Cannot connect to a container in an overlay network from a different swarm node: `could not resolve peer \"<nil>\": timed out resolving peer by querying the cluster`

paulcadman commented 8 years ago

Description of problem:

Very rarely (observed twice after using 1000s of containers) we start a new container into an overlay network in a docker swarm. Existing containers in the overlay network that are on different nodes cannot connect to the new container. However containers in the overlay network on the same node as the new container are able to connect.

The new container receives an IP address in the overlay network subnet, but this does not seem to work correctly when resolved from a different node.

The second time this happened we fixed the problem by stopping and starting the new container.

We haven't found a way to reliably reproduce this problem. Is there any other debugging I can provide that would help diagnose this issue?

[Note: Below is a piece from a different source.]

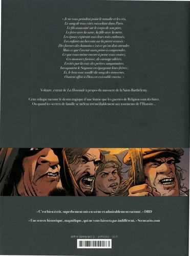 Lundi, 25 août 1572 "Arrive un moment où la question de tuer au nom de Dieu ne se pose plus... Nous tuons, nous prions... et nous recommençons." Les guerres de Religion gangrènent la France dans sa totalité. Le fanatisme s'instille patiemment, incontrôlable, dévastateur, aveugle. En 1562, Elie de Sauveterre, un jeune protestant, rejoint l'armée du prince de Condé pour retrouver son frère et sa soeur enlevés par les papistes. Des premières escarmouches au déchaînement ultime de la Saint-Barthélemy, emporté comme les autres par cette vague de violence frénétique, il sera bien malgré lui le héros de cette histoire-là.

The error message is the same as the one reported on https://github.com/docker/libnetwork/issues/617.

docker version:

Client:
 Version:      1.10.0
 API version:  1.22
 Go version:   go1.5.3
 Git commit:   590d5108
 Built:        Thu Feb  4 19:04:33 2016
 OS/Arch:      linux/amd64

Server:
 Version:      swarm/1.1.0
 API version:  1.22
 Go version:   go1.5.3
 Git commit:   a0fd82b
 Built:        Thu Feb  4 08:55:18 UTC 2016
 OS/Arch:      linux/amd64

docker info:

Containers: 102
 Running: 53
 Paused: 0
 Stopped: 49
Images: 372
Role: primary
Strategy: spread
Filters: health, port, dependency, affinity, constraint
Nodes: 3
 glera.int.corefiling.com: 10.0.0.57:2375
  └ Status: Healthy
  └ Containers: 32
  └ Reserved CPUs: 0 / 4
  └ Reserved Memory: 0 B / 32.94 GiB
  └ Labels: executiondriver=native-0.2, kernelversion=4.2.6-201.fc22.x86_64, operatingsystem=Fedora 22 (Twenty Two), storagedriver=devicemapper
  └ Error: (none)
  └ UpdatedAt: 2016-02-22T11:20:16Z
 kafue.int.corefiling.com: 10.0.0.17:2375
  └ Status: Healthy
  └ Containers: 36
  └ Reserved CPUs: 0 / 4
  └ Reserved Memory: 0 B / 16.4 GiB
  └ Labels: executiondriver=native-0.2, kernelversion=4.2.6-201.fc22.x86_64, operatingsystem=Fedora 22 (Twenty Two), storagedriver=devicemapper
  └ Error: (none)
  └ UpdatedAt: 2016-02-22T11:20:20Z
 paar.int.corefiling.com: 10.0.1.1:2375
  └ Status: Healthy
  └ Containers: 34
  └ Reserved CPUs: 0 / 4
  └ Reserved Memory: 0 B / 16.44 GiB
  └ Labels: executiondriver=native-0.2, kernelversion=4.2.6-201.fc22.x86_64, operatingsystem=Fedora 22 (Twenty Two), storagedriver=devicemapper
  └ Error: (none)
  └ UpdatedAt: 2016-02-22T11:20:31Z
Plugins:
 Volume:
 Network:
Kernel Version: 4.2.6-201.fc22.x86_64
Operating System: linux
Architecture: amd64
CPUs: 12
Total Memory: 65.77 GiB
Name: 9dd94ffb6aea

uname -a:

Linux glera.int.corefiling.com 4.2.6-201.fc22.x86_64 #1 SMP Tue Nov 24 18:42:39 UTC 2015 x86_64 x86_64 x86_64 GNU/Linux

Environment details (AWS, VirtualBox, physical, etc.):

Physical - docker swarm cluster.

How reproducible:

Rare - happened 2 times after creating/starting 1000s of containers.

Steps to Reproduce:

Create/start a container in an overlay network
In the same overlay network create/start a container on a different host in the swarm. A process in the container is listening on port 80 and this port is exposed to the overlay network.
Try to connect to the container of step 2 from within the container of step 1 with http client.
Actual Results:

Get a connection timeout. For example with the golang http client:

 http: proxy error: dial tcp 10.158.0.60:80: i/o timeout

10.158.0.60 is the address of the container in step 2 in the overlay network subnet.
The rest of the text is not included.